Respon Keluhan Masyarakat,Komisi III Panggil BPJN Kalsel

JURNALKALIMANTAN.COM, BANJARMASIN – Jembatan Paringin yang beberapa hari terakhir mengalami kerusakan, dikeluhkan oleh masyarakat sekitar yang sehari-hari melintas.

Hal ini mendapat perhatian serius dari komisi III DPRD Provinsi Kalimantan Selatan (Kalsel), yang membidangi pembangunan dan infrastruktur.

Untuk itu Komisi III DPRD Kalsel ,Kamis (1/9/2022) bergerak cepat dengan memanggil Balai Pelaksanaan Jalan Nasional (BPJN) Kalsel dalam menggali informasi terkait rusaknya jembatan paringin.

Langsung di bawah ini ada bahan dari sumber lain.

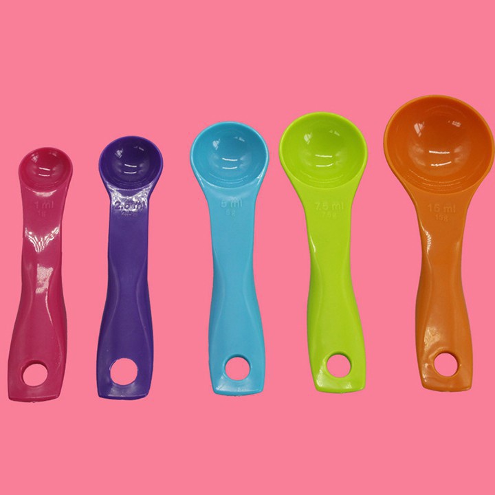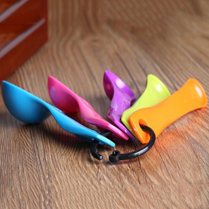 Bộ 5 muỗng đo lường bằng nhựa cao cấp thuận tiện cho bạn đo lường chính xác nguyên liệu để chế biến thức ăn.Kiểu dáng đơn giản, thiết kế xinh xắn. Có móc khóa giúp cố định bộ muỗng chắc chắn, dễ dàng treo móc, bảo quản.

Kepala BPJN Kalsel ,Syauqi Kamal, ST, MT, mengatakan, saat ini jembatan tersebut sedang dalam proses perbaikan.

Dalam masa perbaikan tersebut, BPJN Kalsel mengupayakan untuk membuat Fly Over Brigde (FOB), supaya masyarakat pengguna jalan dengan kendaraan roda dua dan mobil pribadi masih bisa melintas di satu jalur secara bergantian.

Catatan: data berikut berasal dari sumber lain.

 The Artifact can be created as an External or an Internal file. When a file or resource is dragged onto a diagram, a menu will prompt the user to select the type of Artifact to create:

“Adapun untuk kendaraan roda 6 dihimbau menggunakan jalur alternatif lain, melewati jalur kabupaten Hulu Sungai Utara (HSU),”Jelasnya.

Lebih lanjut Syauqi menjelaskan, perbaikan jembatan Paringin kali ini memakan waktu 2 bulan dengan menelan biaya sebesar sekitar 25 milyar rupiah, tambahnya.

Sementara itu, Wakil ketua komisi III DPRD Kalsel, Muhamad Rosehan NB, mengungkapkan selalu ada hikmah dibalik setiap kejadian.

“Jembatan di Paringin itu nantinya akan di buat jembatan kembar. Jembatan kembar yang menelan biaya 30 milyar rupiah tersebut, akan mulai di kerjakan tahun 2023 mendatang,”ungkap Politisi PDIP Kalsel tersebut.

Ia juga berharap, kesabaran untuk semua masyarakat, khususnya masyarakat Paringin dan masyarakat HSU, yang nantinya menjadi jalur alternatif selama masa pengerjaan perbaikan jembatan, yang diperkirakan kurang lebih selama 2 bulan.

“BPJN Kalsel juga akan banyak melakukan perbaikan – perbaikan jembatan di daerah Hulu Sungai, mengingat banyaknya jembatan – jembatan yang berumur tua yang membahayakan penggunanya,”tandasnya.